INSTRUCTIONS FOR THE TASK — Print the listing as it stands, omitting all images.
[[ DATA TO PROCESS open ]]
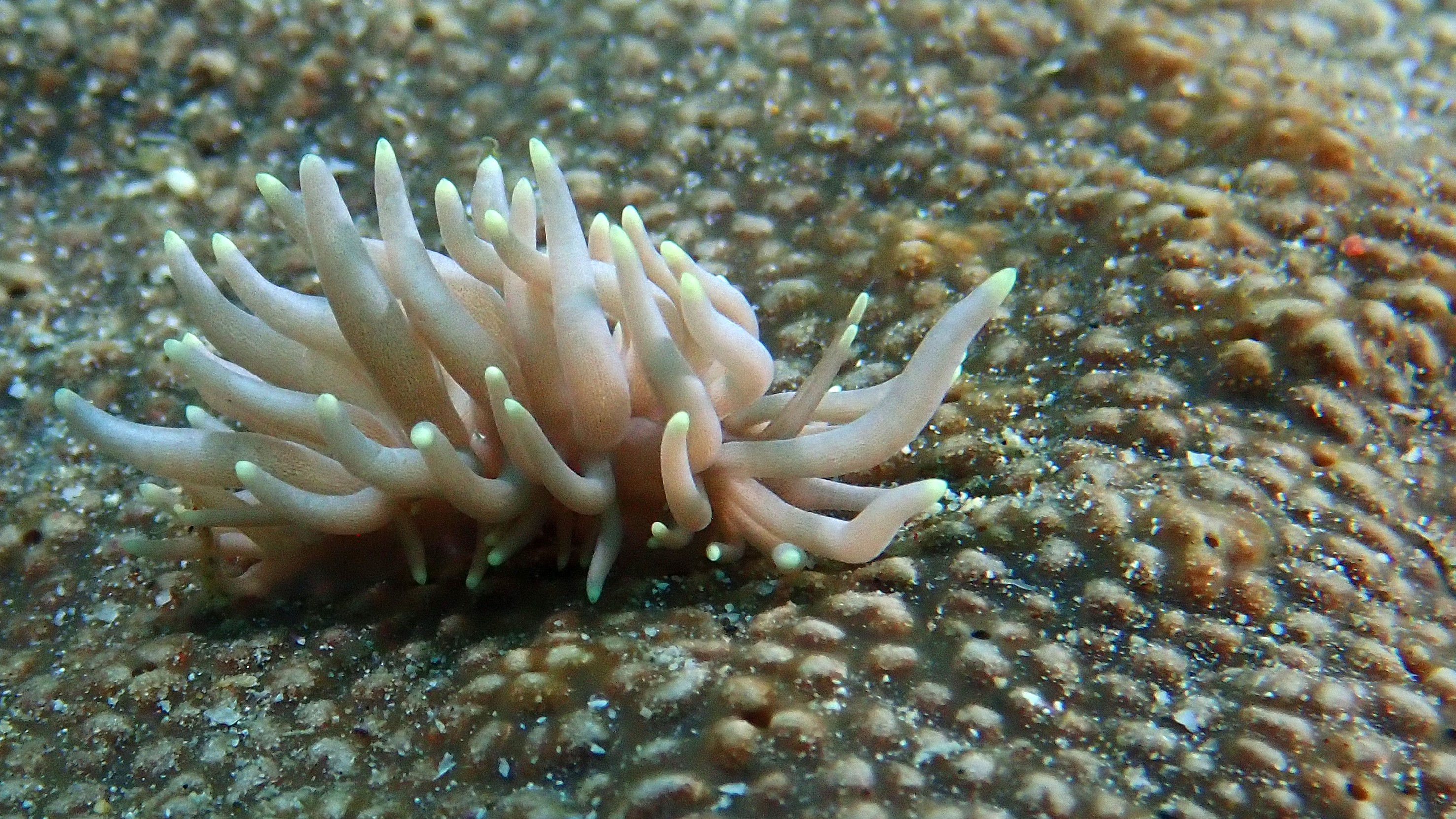 Bei den 2 Tauchgängen haben wir heute ein Seepferdchen, ein Pygmäen-Seepferdchen, eine Seeschlange, einige Krebse und wieder viele Schnecken gesehen.
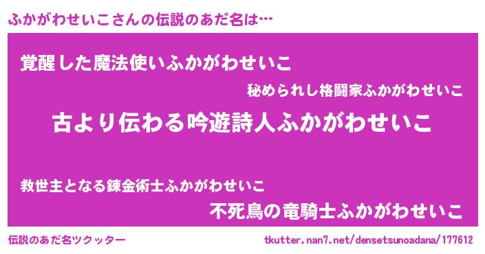 | 男性向けラノベタイトル風あだ名 | 『この素晴らしい世界にふかがわせいこを!』 |
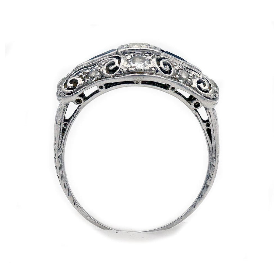 Art Deco .20 CT Old Mine Cut Diamond & Sapphire Ring | 1930s
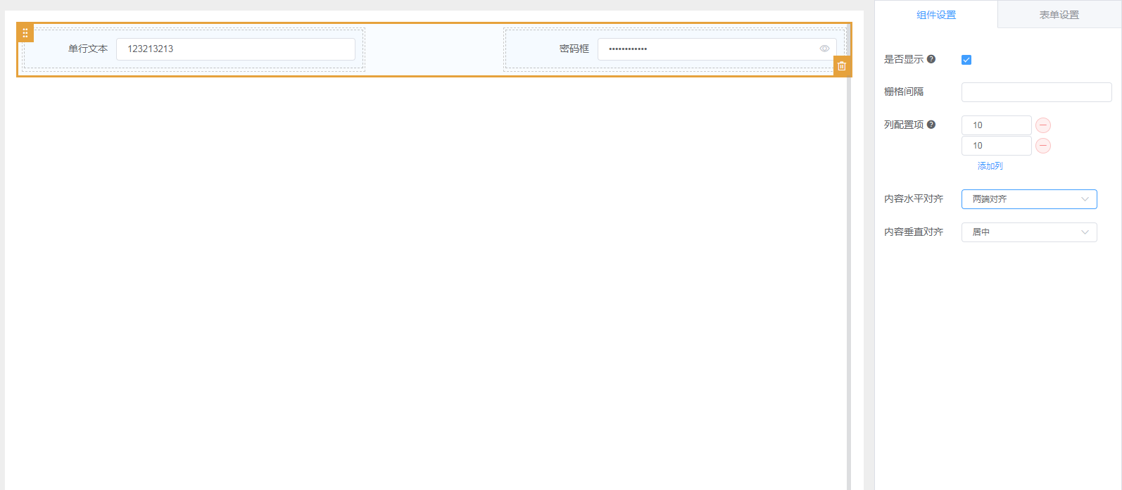 • 列配置项:总数为24,几个列配置就能放入几个组件
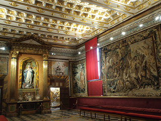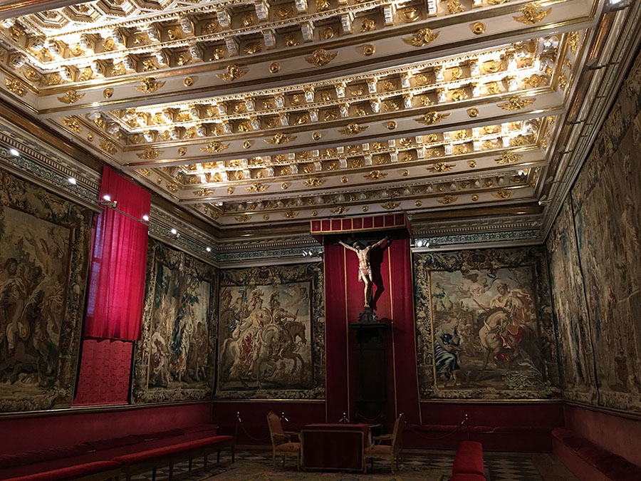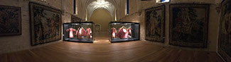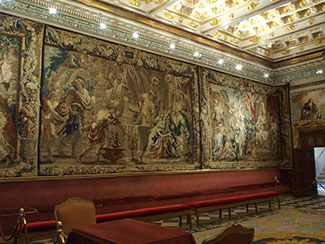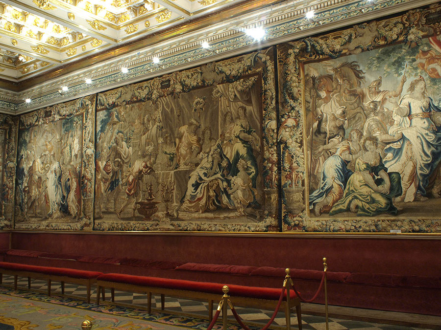 Detalle de los tapices que decoran el interior de la sala capitular y que narran la vida de la reina Zenobia de Palmira.
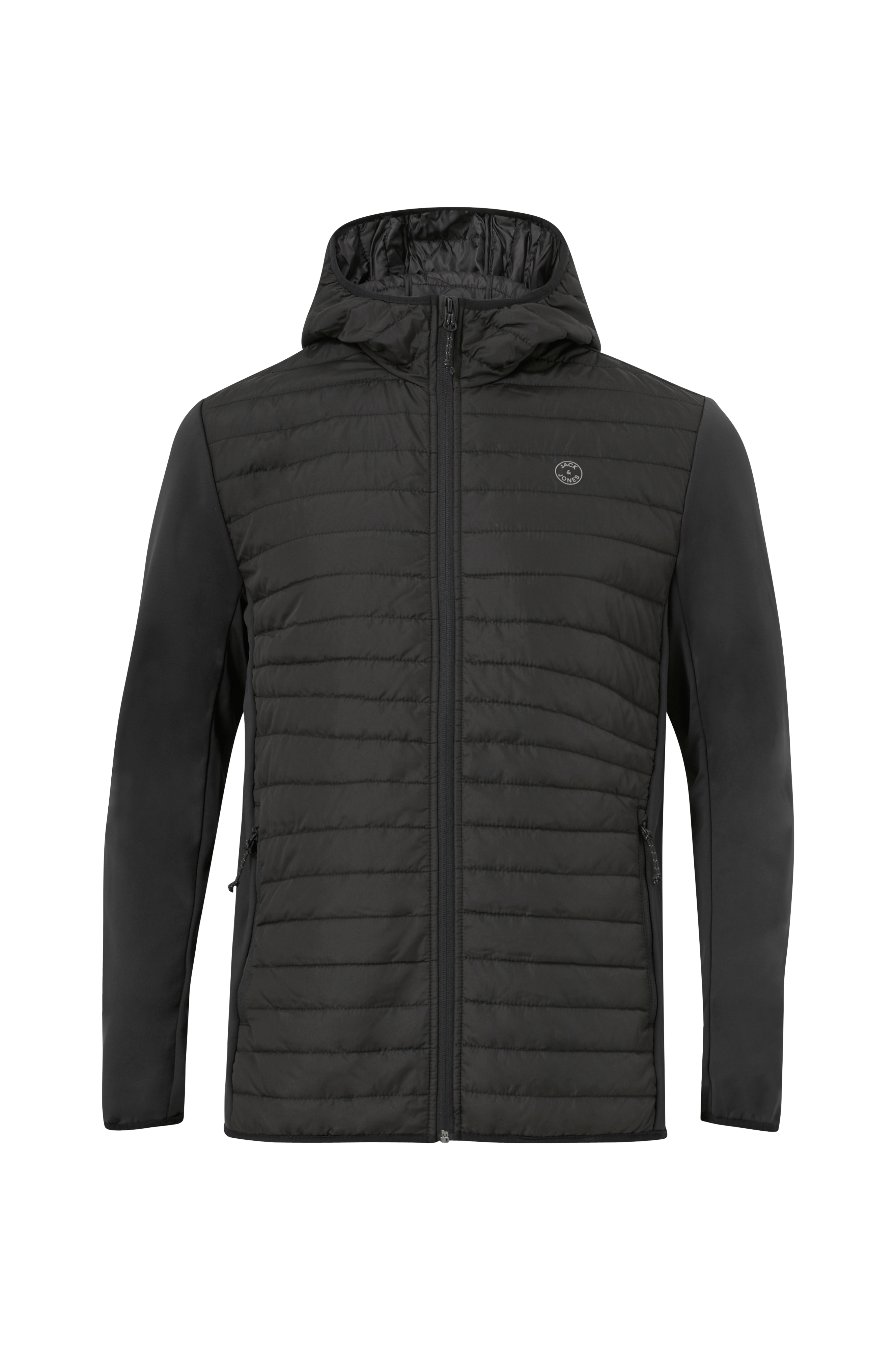 En let hybridjakke med quiltet og vatteret for- og bagside. Hætte, ærmer og sider i jerseymateriale med blød, børstet inderside. Høj krave, lynlås og to lommer med lynlås. Elastiske kantbånd i ærmet og forneden. Længde ca. 71 cm i str. M.
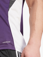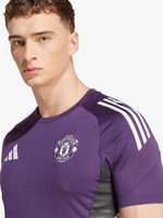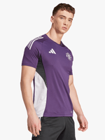 Sporting colours inspired by Manchester United's away shirt, this adidas training jersey is part of the kit the players wear when preparing for league games. Its soft interlock fabric, slim fit and moisture-managing AEROREADY combine for comfortable play. A heat-applied club crest supplies football inspiration while keeping things lightweight.
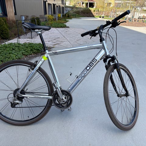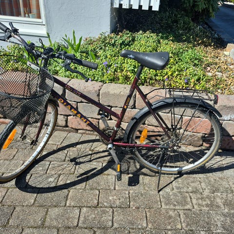Klassisk DBS Kilimanjaro, rammestørrelse 53 cm, i rød farge. Sykkelen er pent brukt og fungerer godt, men kun forbremsen virker , bakbremsen har en ødelagt wire og må utbedres.
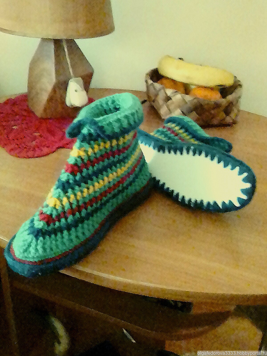 Сапожки домашние , связаны крючком . Подошва - войлок + микропористая резина
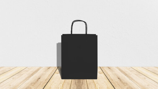 Modello Spring – carta 100 gr. colore nero – manico ritorto – formato 26x11x34 cm – confezione da 250 shopper
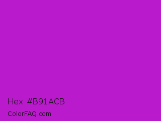 Hex #b91acb Color is a normal magenta color and the nearest color is Vivid Mulberry #b80ce3. Hex code #b91acb and RGB value is rgb(185,26,203). In RGB color space, this color is composed of 73% red, 10% green, 80% blue, In CMYK color space, this color is composed of 9% cyan, 87% magenta, 0% yellow , 20% black , In HSL color space, this color has a hue angle of 294° , 77% saturation and 45% lightness.
[[ DATA TO PROCESS closed ]]
SOLUTION FOR THIS PROBLEM —
 Bei den 2 Tauchgängen haben wir heute ein Seepferdchen, ein Pygmäen-Seepferdchen, eine Seeschlange, einige Krebse und wieder viele Schnecken gesehen.
 | 男性向けラノベタイトル風あだ名 | 『この素晴らしい世界にふかがわせいこを!』 |
 Art Deco .20 CT Old Mine Cut Diamond & Sapphire Ring | 1930s
 • 列配置项:总数为24,几个列配置就能放入几个组件
 Detalle de los tapices que decoran el interior de la sala capitular y que narran la vida de la reina Zenobia de Palmira.
 En let hybridjakke med quiltet og vatteret for- og bagside. Hætte, ærmer og sider i jerseymateriale med blød, børstet inderside. Høj krave, lynlås og to lommer med lynlås. Elastiske kantbånd i ærmet og forneden. Længde ca. 71 cm i str. M.
 Sporting colours inspired by Manchester United's away shirt, this adidas training jersey is part of the kit the players wear when preparing for league games. Its soft interlock fabric, slim fit and moisture-managing AEROREADY combine for comfortable play. A heat-applied club crest supplies football inspiration while keeping things lightweight.
Klassisk DBS Kilimanjaro, rammestørrelse 53 cm, i rød farge. Sykkelen er pent brukt og fungerer godt, men kun forbremsen virker , bakbremsen har en ødelagt wire og må utbedres.
 Сапожки домашние , связаны крючком . Подошва - войлок + микропористая резина
 Modello Spring – carta 100 gr. colore nero – manico ritorto – formato 26x11x34 cm – confezione da 250 shopper
 Hex #b91acb Color is a normal magenta color and the nearest color is Vivid Mulberry #b80ce3. Hex code #b91acb and RGB value is rgb(185,26,203). In RGB color space, this color is composed of 73% red, 10% green, 80% blue, In CMYK color space, this color is composed of 9% cyan, 87% magenta, 0% yellow , 20% black , In HSL color space, this color has a hue angle of 294° , 77% saturation and 45% lightness.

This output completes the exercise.